DATA BLOCK
---*---

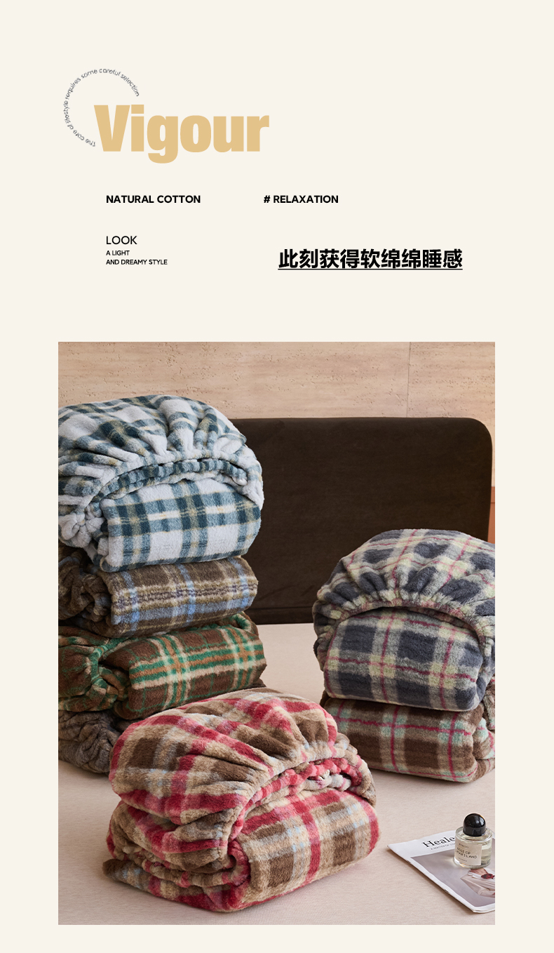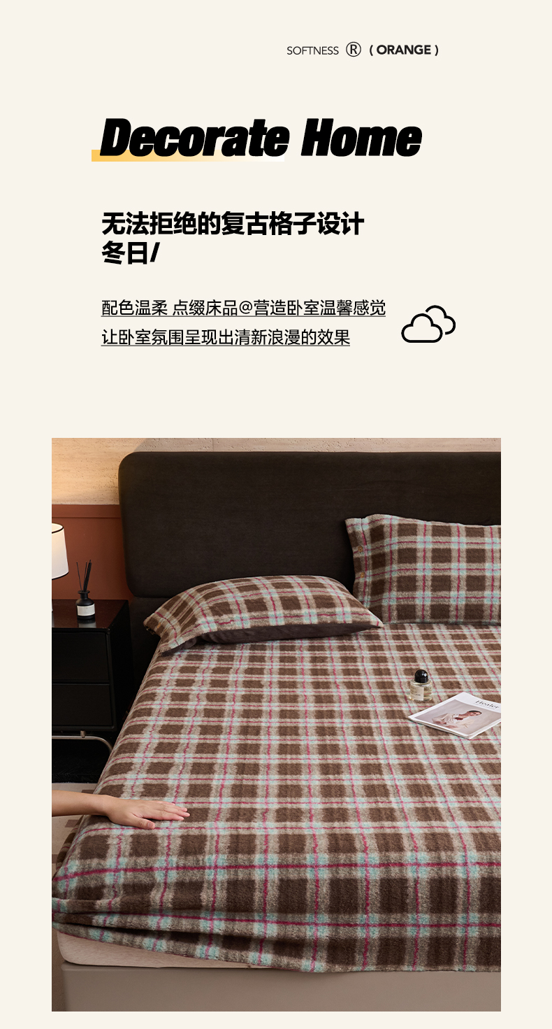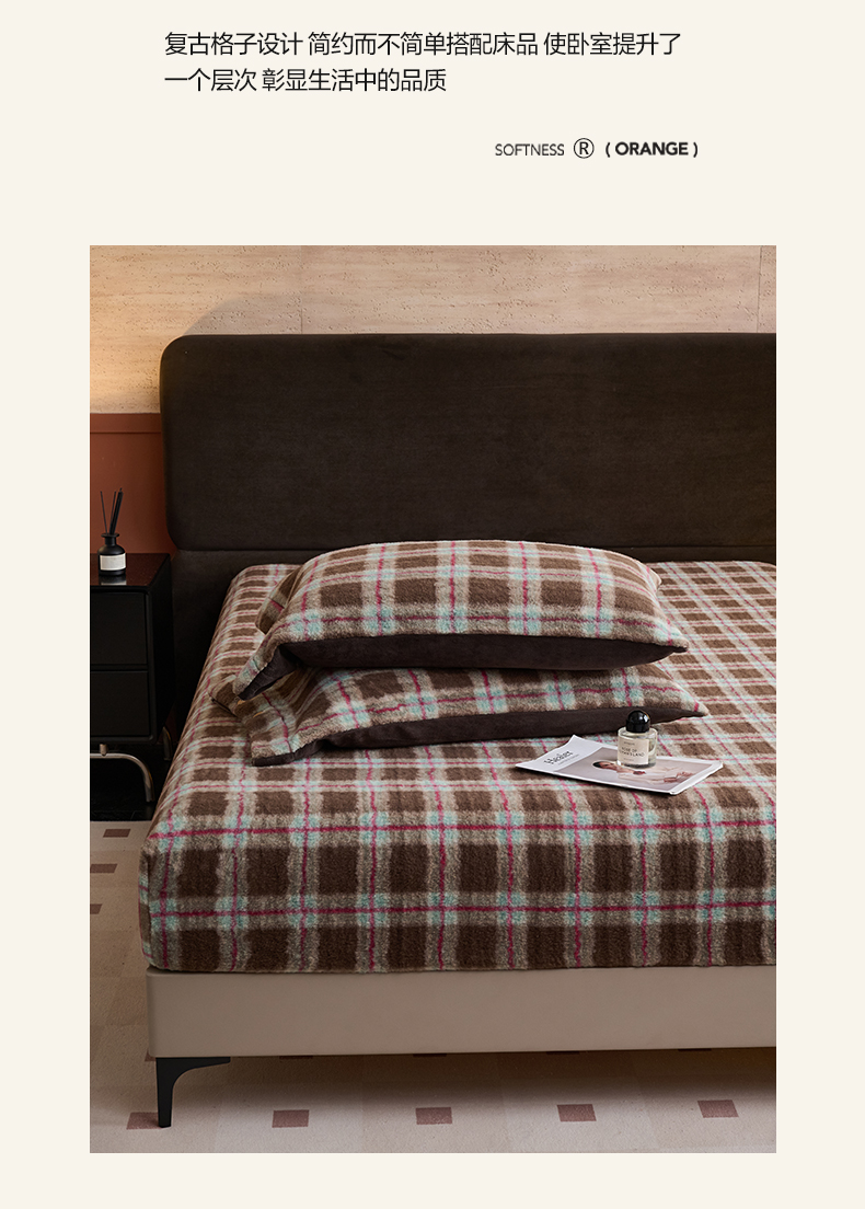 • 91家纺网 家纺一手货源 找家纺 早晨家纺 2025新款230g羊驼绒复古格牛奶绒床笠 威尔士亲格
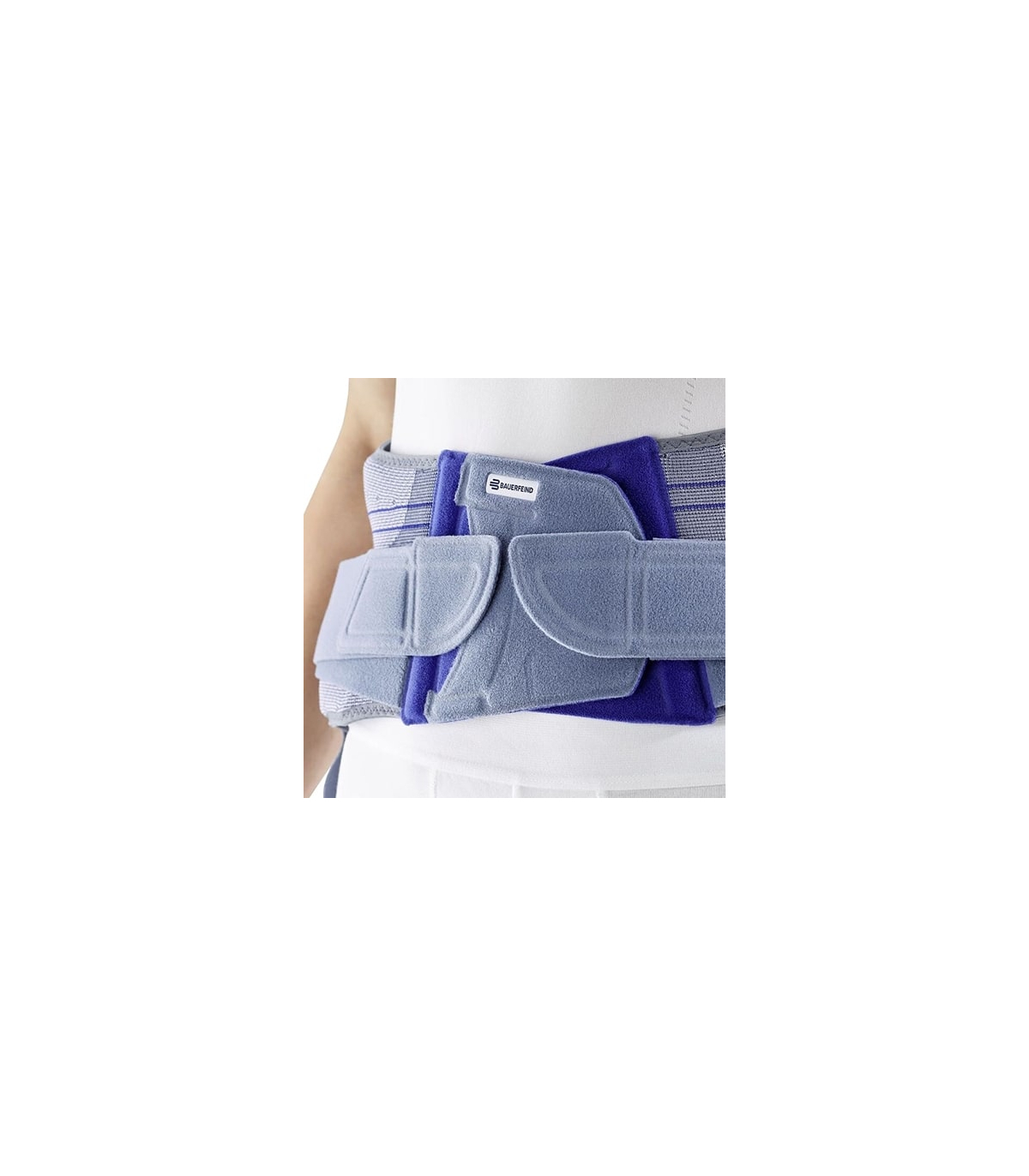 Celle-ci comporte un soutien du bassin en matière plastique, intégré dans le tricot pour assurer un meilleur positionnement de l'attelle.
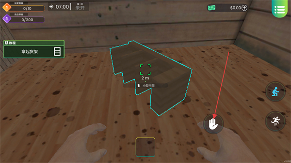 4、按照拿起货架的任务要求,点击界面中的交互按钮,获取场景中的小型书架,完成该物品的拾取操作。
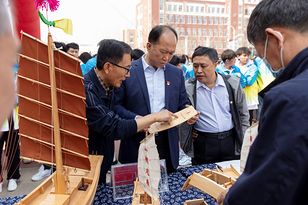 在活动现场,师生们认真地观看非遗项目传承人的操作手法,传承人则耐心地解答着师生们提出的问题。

---*---

Please set down the whole listing exactly, apart from the pictures.

 • 91家纺网 家纺一手货源 找家纺 早晨家纺 2025新款230g羊驼绒复古格牛奶绒床笠 威尔士亲格
 Celle-ci comporte un soutien du bassin en matière plastique, intégré dans le tricot pour assurer un meilleur positionnement de l'attelle.
 4、按照拿起货架的任务要求,点击界面中的交互按钮,获取场景中的小型书架,完成该物品的拾取操作。
 在活动现场,师生们认真地观看非遗项目传承人的操作手法,传承人则耐心地解答着师生们提出的问题。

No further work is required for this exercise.